The M.2 Evo you mentioned earlier is sata ..not pcie like the 950pro. also, its not just about gaming, its the drastically different level of speed and performance you see in normal tasks. At the end of the day threads like these are purely for advice and opinion, whatever the end user chooses is up to them.


----------



## AMD_man

Laquer Head said:


> The M.2 Evo you mentioned earlier is sata ..not pcie like the 950pro.



I´m looking at the 950 Pro pictures and that doesn´t look like PCIe at all. What do you mean?


----------



## Newfiestang50

Laquer Head said:


> I use PC partpicker as a guide or baseline for a build.. but I buy my parts online from newegg.ca, memoryexpress.com, or ncix.com whoever is cheapest and whatever the best rebates are, or better yet point of purchase discounts!! Shipped to my door, I live in the country so the courier can do the work..



Ok sounds good.



Laquer Head said:


> The M.2 Evo you mentioned earlier is sata ..not pcie like the 950pro. also, its not just about gaming, its the drastically different level of speed and performance you see in normal tasks. At the end of the day threads like these are purely for advice and opinion, whatever the end user chooses is up to them.

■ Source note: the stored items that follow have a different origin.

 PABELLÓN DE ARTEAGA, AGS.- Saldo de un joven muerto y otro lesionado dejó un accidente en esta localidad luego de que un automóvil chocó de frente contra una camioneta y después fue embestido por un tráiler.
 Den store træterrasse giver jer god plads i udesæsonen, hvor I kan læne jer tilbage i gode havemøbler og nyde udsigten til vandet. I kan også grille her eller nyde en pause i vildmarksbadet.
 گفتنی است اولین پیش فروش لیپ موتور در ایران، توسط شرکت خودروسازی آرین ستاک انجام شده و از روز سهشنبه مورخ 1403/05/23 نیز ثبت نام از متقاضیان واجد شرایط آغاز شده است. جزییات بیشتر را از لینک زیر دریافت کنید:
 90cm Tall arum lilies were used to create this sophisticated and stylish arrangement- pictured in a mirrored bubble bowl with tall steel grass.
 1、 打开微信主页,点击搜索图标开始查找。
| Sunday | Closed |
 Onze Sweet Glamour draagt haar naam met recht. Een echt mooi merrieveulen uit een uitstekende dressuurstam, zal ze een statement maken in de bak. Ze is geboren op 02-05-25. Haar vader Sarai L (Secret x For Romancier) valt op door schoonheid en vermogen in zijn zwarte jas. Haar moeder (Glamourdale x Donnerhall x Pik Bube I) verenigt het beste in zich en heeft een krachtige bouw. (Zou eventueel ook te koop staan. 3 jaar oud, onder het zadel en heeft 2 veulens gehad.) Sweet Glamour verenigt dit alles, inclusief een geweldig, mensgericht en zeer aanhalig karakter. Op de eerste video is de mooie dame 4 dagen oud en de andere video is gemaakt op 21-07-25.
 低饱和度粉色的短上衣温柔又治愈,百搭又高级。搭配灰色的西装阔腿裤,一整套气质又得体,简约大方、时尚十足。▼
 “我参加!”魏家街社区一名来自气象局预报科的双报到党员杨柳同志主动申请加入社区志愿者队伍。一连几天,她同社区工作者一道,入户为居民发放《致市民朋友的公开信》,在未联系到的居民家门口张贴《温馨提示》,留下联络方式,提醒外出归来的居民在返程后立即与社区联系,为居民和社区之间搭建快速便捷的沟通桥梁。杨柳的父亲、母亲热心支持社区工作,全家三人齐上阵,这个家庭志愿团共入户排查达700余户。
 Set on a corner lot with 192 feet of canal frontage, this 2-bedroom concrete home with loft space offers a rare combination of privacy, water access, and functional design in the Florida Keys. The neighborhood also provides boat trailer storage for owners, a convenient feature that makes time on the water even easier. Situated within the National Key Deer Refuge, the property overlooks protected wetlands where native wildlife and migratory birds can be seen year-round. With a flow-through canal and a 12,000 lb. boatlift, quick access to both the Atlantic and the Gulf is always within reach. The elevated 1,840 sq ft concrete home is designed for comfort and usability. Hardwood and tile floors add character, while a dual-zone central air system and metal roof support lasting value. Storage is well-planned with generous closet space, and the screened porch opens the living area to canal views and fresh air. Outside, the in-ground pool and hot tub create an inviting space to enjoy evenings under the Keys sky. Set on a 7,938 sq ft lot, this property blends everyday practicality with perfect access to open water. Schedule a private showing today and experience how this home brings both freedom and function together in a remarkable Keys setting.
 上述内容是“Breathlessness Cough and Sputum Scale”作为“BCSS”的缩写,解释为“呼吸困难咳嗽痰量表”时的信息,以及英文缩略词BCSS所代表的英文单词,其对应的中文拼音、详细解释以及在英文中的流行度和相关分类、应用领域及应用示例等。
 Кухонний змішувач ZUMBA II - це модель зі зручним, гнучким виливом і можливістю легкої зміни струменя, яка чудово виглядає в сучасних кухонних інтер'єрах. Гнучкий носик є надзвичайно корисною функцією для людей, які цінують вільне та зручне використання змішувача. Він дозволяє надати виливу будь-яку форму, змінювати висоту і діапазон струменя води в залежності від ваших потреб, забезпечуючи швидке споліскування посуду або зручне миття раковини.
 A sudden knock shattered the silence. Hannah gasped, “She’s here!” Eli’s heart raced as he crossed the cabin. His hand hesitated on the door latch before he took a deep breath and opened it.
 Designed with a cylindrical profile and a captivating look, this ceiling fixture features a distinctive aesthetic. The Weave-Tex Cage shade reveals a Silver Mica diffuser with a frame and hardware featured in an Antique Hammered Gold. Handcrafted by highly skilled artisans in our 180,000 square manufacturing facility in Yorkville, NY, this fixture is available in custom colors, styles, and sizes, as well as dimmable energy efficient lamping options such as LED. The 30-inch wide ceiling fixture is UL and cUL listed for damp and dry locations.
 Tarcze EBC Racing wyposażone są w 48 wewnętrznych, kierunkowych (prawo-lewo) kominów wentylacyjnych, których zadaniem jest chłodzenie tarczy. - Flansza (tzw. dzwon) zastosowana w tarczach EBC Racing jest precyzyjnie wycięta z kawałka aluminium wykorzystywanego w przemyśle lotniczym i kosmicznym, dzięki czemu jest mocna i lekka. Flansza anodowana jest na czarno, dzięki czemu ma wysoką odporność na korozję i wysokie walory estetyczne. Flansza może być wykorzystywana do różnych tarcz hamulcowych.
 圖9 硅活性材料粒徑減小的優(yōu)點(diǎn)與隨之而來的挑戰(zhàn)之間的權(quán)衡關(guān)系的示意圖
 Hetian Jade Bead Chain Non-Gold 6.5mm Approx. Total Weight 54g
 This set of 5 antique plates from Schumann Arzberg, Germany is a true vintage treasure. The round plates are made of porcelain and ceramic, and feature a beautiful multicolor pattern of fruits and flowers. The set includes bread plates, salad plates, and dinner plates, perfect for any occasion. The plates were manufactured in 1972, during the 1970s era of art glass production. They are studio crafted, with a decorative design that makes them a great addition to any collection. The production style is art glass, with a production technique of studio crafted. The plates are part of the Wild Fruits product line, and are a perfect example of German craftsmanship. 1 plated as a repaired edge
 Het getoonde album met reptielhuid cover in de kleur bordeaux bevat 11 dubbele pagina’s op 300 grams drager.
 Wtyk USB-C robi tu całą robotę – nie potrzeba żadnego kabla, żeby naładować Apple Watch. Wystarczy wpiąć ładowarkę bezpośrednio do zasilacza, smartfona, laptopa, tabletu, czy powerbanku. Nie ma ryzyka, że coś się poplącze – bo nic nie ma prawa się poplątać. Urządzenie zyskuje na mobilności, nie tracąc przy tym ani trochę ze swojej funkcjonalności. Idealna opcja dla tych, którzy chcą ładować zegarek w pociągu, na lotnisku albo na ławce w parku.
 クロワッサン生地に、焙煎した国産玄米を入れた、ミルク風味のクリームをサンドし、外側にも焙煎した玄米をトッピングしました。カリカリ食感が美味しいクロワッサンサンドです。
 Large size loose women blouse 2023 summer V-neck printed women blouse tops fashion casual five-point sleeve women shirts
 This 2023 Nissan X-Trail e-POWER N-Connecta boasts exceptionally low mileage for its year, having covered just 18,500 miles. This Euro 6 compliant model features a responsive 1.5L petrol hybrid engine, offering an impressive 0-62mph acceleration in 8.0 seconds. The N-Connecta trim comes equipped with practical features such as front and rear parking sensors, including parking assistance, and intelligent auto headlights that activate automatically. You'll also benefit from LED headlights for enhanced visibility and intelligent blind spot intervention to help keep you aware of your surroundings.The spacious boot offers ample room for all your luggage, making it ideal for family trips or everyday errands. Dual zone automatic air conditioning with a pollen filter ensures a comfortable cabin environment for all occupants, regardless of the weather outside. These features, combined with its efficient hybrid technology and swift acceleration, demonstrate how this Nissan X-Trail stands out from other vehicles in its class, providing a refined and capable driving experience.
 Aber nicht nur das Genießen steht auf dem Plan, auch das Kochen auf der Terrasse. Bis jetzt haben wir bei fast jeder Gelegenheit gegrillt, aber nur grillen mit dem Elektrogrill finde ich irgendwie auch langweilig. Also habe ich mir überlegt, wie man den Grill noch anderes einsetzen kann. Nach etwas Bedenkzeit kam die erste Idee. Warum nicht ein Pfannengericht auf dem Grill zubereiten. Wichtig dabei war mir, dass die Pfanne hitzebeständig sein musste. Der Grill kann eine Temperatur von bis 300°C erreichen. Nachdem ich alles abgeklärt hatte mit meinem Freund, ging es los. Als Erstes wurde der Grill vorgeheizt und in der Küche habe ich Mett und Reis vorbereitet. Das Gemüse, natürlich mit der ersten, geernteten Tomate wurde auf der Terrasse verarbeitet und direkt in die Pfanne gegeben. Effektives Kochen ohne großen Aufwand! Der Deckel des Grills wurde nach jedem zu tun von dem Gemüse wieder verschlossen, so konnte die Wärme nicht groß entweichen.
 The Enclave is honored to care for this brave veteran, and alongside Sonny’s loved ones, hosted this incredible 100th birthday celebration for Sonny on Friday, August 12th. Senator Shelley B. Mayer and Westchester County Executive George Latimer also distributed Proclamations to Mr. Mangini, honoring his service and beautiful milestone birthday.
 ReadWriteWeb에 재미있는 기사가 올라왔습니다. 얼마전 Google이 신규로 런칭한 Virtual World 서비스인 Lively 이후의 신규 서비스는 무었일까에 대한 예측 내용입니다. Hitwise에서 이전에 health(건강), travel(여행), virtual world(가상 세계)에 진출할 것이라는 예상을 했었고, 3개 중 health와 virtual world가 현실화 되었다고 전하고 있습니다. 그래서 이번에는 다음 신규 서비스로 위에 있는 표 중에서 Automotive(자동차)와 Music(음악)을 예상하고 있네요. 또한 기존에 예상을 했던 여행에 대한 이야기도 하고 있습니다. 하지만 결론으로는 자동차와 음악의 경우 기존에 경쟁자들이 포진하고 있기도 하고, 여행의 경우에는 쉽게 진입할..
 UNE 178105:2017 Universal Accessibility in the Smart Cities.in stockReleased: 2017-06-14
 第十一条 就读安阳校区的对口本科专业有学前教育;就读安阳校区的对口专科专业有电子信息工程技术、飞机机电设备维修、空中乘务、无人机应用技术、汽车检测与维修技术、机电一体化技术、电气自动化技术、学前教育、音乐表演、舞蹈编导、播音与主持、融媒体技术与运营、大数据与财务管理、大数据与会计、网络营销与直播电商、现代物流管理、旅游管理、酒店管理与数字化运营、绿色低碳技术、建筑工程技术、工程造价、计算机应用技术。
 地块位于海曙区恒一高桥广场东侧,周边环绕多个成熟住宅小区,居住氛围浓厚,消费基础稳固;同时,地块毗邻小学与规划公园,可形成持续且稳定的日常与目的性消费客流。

Well I do want this PC to be fast, thats one of the reasons for the build and why my current PC is getting the boot. Like I said earlier I am not a huge gaming fanatic but sometimes I play for a few weeks then drop it for a month or longer but I spend a lot of time on my PC doing other work both for my business and leisure browsing. I also want to get into some video editing with all the home movies we've accumulated over the years so it will need some 'grunt' for that as well.


----------



## AMD_man

Newfiestang50 said:


> Well I do want this PC to be fast, thats one of the reasons for the build and why my current PC is getting the boot. Like I said earlier I am not a huge gaming fanatic but sometimes I play for a few weeks then drop it for a month or longer but I spend a lot of time on my PC doing other work both for my business and leisure browsing. I also want to get into some video editing with all the home movies we've accumulated over the years so it will need some 'grunt' for that as well.



You didn't mention video editing. In that case an I7 is something to consider.

If I were you, I would forget about the 950 Pro, get something more economical, and get an I7-6700. Editing and content creation is basically the reason why the I7 line exists.


----------



## Laquer Head

Newfiestang50 said:


> Well I do want this PC to be fast, thats one of the reasons for the build and why my current PC is getting the boot. Like I said earlier I am not a huge gaming fanatic but sometimes I play for a few weeks then drop it for a month or longer but I spend a lot of time on my PC doing other work both for my business and leisure browsing. I also want to get into some video editing with all the home movies we've accumulated over the years so it will need some 'grunt' for that as well.



Just take my word for it, spend the extra on the Samsung 950 Pro it's a far superior SSD than previous gens and competitor offerings.


----------



## AMD_man

Laquer Head said:


> Just take my word for it, spend the extra on the Samsung 950 Pro it's a far superior SSD than previous gens and competitor offerings.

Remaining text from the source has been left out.